-- Dataset records follows --
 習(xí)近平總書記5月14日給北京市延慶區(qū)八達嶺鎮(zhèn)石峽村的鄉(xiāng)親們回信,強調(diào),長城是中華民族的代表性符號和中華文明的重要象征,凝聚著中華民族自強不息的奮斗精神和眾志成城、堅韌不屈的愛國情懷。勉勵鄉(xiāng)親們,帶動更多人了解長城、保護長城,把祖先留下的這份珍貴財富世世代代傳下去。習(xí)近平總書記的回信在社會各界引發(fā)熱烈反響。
-- Dataset records concluded --
-- Dataset records follows --
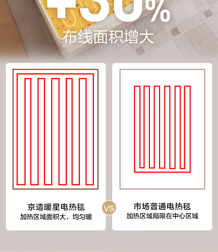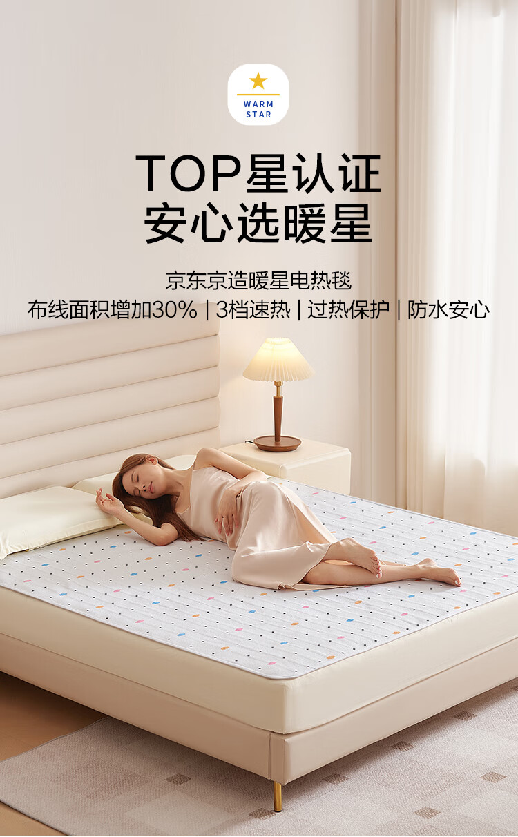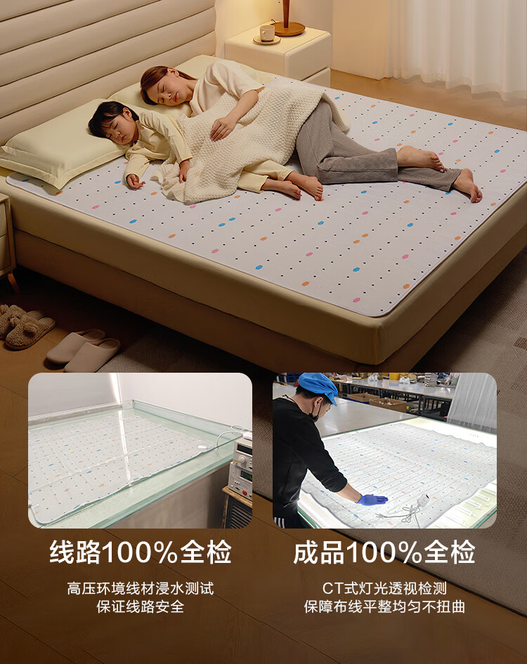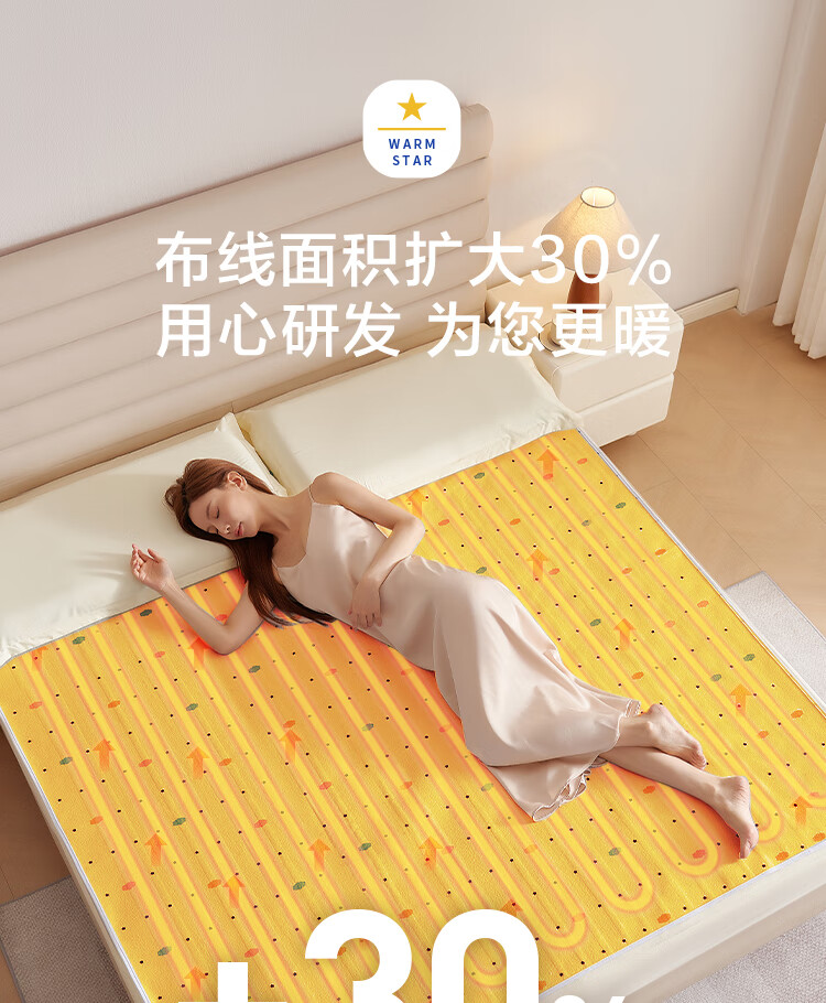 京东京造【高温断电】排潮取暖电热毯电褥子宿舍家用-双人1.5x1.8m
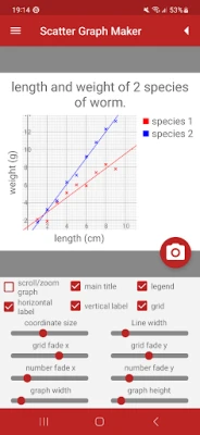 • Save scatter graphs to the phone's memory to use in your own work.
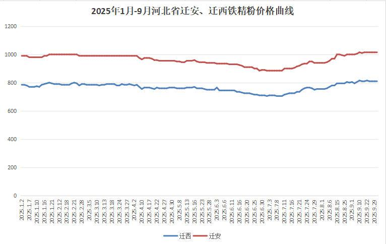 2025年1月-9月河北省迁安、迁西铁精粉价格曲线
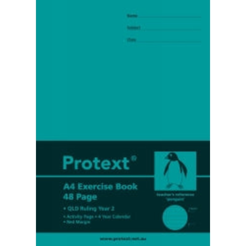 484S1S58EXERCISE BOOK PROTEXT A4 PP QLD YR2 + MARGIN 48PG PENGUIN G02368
-- Dataset records concluded --
-- Dataset records follows --
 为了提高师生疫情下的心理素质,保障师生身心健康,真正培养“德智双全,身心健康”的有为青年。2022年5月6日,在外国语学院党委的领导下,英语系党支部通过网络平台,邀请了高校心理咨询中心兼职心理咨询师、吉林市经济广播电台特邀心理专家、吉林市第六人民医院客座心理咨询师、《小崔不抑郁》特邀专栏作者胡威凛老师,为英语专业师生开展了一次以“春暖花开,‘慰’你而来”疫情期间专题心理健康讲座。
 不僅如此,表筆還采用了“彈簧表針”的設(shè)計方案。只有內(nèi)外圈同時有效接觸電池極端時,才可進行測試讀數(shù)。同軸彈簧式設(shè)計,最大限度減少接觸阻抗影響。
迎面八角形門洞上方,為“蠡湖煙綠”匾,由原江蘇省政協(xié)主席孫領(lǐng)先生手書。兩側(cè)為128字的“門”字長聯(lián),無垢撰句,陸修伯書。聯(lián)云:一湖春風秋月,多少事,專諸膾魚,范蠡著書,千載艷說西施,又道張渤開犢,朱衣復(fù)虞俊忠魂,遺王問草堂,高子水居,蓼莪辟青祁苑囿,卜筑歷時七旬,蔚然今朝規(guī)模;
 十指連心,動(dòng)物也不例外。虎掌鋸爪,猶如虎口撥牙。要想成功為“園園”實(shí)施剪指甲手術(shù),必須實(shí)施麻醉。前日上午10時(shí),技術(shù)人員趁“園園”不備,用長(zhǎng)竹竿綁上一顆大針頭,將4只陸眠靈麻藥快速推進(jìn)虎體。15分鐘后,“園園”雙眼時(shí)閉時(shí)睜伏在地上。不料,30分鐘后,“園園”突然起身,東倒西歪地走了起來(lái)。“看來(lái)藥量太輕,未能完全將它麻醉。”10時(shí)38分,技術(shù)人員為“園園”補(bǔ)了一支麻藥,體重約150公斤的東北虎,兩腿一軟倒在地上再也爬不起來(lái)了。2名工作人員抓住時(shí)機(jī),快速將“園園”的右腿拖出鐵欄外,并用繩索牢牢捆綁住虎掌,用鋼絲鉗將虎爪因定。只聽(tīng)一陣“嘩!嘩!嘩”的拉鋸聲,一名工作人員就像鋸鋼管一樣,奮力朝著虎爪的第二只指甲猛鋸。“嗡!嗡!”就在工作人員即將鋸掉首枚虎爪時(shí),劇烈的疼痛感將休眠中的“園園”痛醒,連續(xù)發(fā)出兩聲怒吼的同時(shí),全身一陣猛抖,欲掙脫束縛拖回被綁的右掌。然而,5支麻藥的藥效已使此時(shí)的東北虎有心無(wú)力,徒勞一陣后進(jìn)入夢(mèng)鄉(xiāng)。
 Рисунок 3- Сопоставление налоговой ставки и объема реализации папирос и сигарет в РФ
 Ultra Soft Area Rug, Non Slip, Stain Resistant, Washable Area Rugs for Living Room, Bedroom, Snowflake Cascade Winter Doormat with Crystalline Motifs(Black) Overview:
-- Dataset records concluded --
Task description
Look for the word "xiāng". Copy out every line of the data that has it.

Finished exercise
 習(xí)近平總書記5月14日給北京市延慶區(qū)八達嶺鎮(zhèn)石峽村的鄉(xiāng)親們回信,強調(diào),長城是中華民族的代表性符號和中華文明的重要象征,凝聚著中華民族自強不息的奮斗精神和眾志成城、堅韌不屈的愛國情懷。勉勵鄉(xiāng)親們,帶動更多人了解長城、保護長城,把祖先留下的這份珍貴財富世世代代傳下去。習(xí)近平總書記的回信在社會各界引發(fā)熱烈反響。
 十指連心,動(dòng)物也不例外。虎掌鋸爪,猶如虎口撥牙。要想成功為“園園”實(shí)施剪指甲手術(shù),必須實(shí)施麻醉。前日上午10時(shí),技術(shù)人員趁“園園”不備,用長(zhǎng)竹竿綁上一顆大針頭,將4只陸眠靈麻藥快速推進(jìn)虎體。15分鐘后,“園園”雙眼時(shí)閉時(shí)睜伏在地上。不料,30分鐘后,“園園”突然起身,東倒西歪地走了起來(lái)。“看來(lái)藥量太輕,未能完全將它麻醉。”10時(shí)38分,技術(shù)人員為“園園”補(bǔ)了一支麻藥,體重約150公斤的東北虎,兩腿一軟倒在地上再也爬不起來(lái)了。2名工作人員抓住時(shí)機(jī),快速將“園園”的右腿拖出鐵欄外,并用繩索牢牢捆綁住虎掌,用鋼絲鉗將虎爪因定。只聽(tīng)一陣“嘩!嘩!嘩”的拉鋸聲,一名工作人員就像鋸鋼管一樣,奮力朝著虎爪的第二只指甲猛鋸。“嗡!嗡!”就在工作人員即將鋸掉首枚虎爪時(shí),劇烈的疼痛感將休眠中的“園園”痛醒,連續(xù)發(fā)出兩聲怒吼的同時(shí),全身一陣猛抖,欲掙脫束縛拖回被綁的右掌。然而,5支麻藥的藥效已使此時(shí)的東北虎有心無(wú)力,徒勞一陣后進(jìn)入夢(mèng)鄉(xiāng)。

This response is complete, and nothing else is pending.